The lepers had three options:

1)   Stay and die (no one brought food into the gate as everyone was suffering)
2)   Go into the city and die (no food inside to beg for either)
3)   Approach the enemy (they will either be killed or shown mercy)

Option three was the absolute best.  Yes, the probability rested with the enemy most likely killing the men but at least their suffering would not be drawn out, "...we shall but die."  Spoken as if it were a foregone conclusion but a quicker, more merciful, end to their miserable condition.  There was no choice, they had to act as they did and, as luck would have it, the odds paid dividends - quite high dividends!  The Samarian army had been spooked and left all there tents, provisions, and jewels where they stood, unguarded.  The lepers became wealthy men and ultimately ended the famine within the city by proclaiming the desertion of the enemy...Elisha's prophecy fulfilled (see yesterday's blog).
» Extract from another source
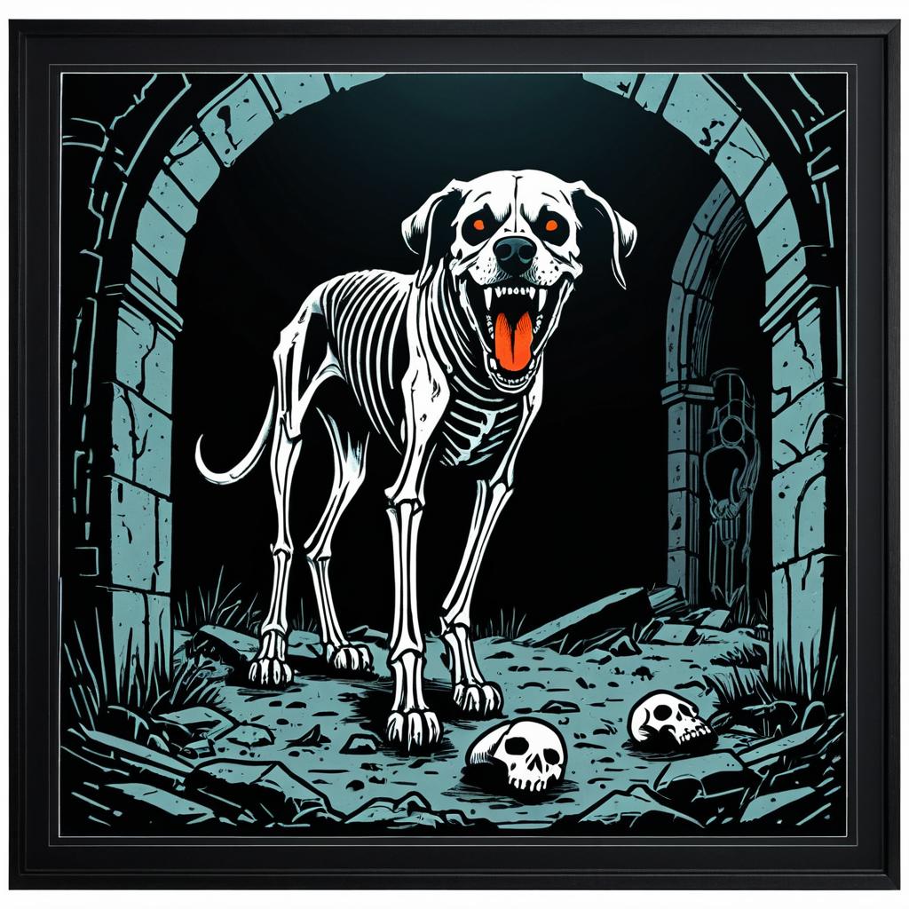 Horror-themed digital sticker of a full-body black cat in a forgotten graveyard, tongue out with a mischievous grin and wearing knitted socks as it pounces toward a glowing phosphorescent mushroom. Framed by a thick black border on a white background, rendered in flat colors with minimal shading, stylized line art and moody lighting for a playful horror vibe.

There is a "choice" quote (pun intended) I like from Michael J. Fox,
I have no choice about whether or not I have Parkinson's. I have nothing but choices about how I react to it. In those choices, there's freedom to do a lot of things in areas that I wouldn't have otherwise found myself in.
There are always going to be new and exciting issues, events, roadblocks, and problems and, more often than not, there will be little you can do directly but there will always be freedom in how you react and how others perceive your reaction - and it trickles down from there!